From the line containing "Кабель Buro USB" to the last line of the data below, copy everything exactly and nothing else; pictures stay out.

● **Data block**:
--- START ---

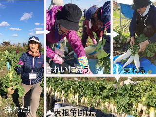 良く気がつき、働き者の女性達。力を合わせて大根の収穫。たくあん用大根干し。並んだ真っ白な大根:いつか見た風景。
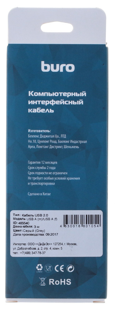 Кабель Buro USB A(m) USB A(f) 3м (BHP RET USB_AF30) серый (блистер)
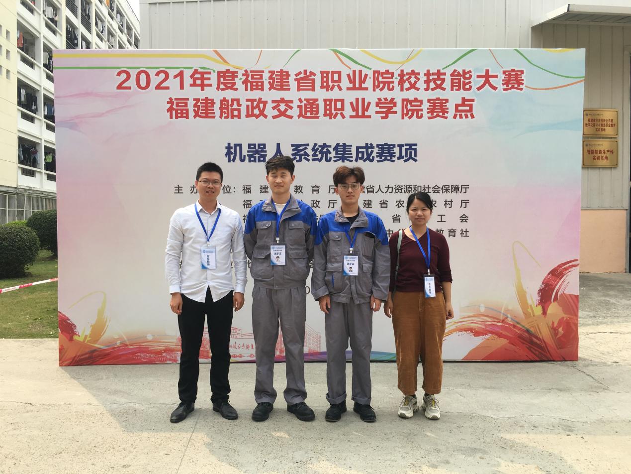 2021年4月1日至4月2日,來(lái)自全省11所高職院校的11支代表隊(duì)齊聚福建船政交通職業(yè)學(xué)院參加2021年福建省職業(yè)院校技能大賽(高職組)機(jī)器人系統(tǒng)集成賽項(xiàng)的比賽。經(jīng)過(guò)兩天緊張激烈的比賽,由機(jī)械與智能制造學(xué)院王水發(fā)、童曉薇兩位老師指導(dǎo)的韓冰峰、黃鑫鑫同學(xué)獲得一等獎(jiǎng)。
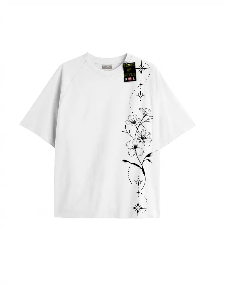 Beyaz Oversize T-shirt gül yaprak dal Özel tasarım

--- END ---

● **Problem solution**:
 Кабель Buro USB A(m) USB A(f) 3м (BHP RET USB_AF30) серый (блистер)
 2021年4月1日至4月2日,來(lái)自全省11所高職院校的11支代表隊(duì)齊聚福建船政交通職業(yè)學(xué)院參加2021年福建省職業(yè)院校技能大賽(高職組)機(jī)器人系統(tǒng)集成賽項(xiàng)的比賽。經(jīng)過(guò)兩天緊張激烈的比賽,由機(jī)械與智能制造學(xué)院王水發(fā)、童曉薇兩位老師指導(dǎo)的韓冰峰、黃鑫鑫同學(xué)獲得一等獎(jiǎng)。
 Beyaz Oversize T-shirt gül yaprak dal Özel tasarım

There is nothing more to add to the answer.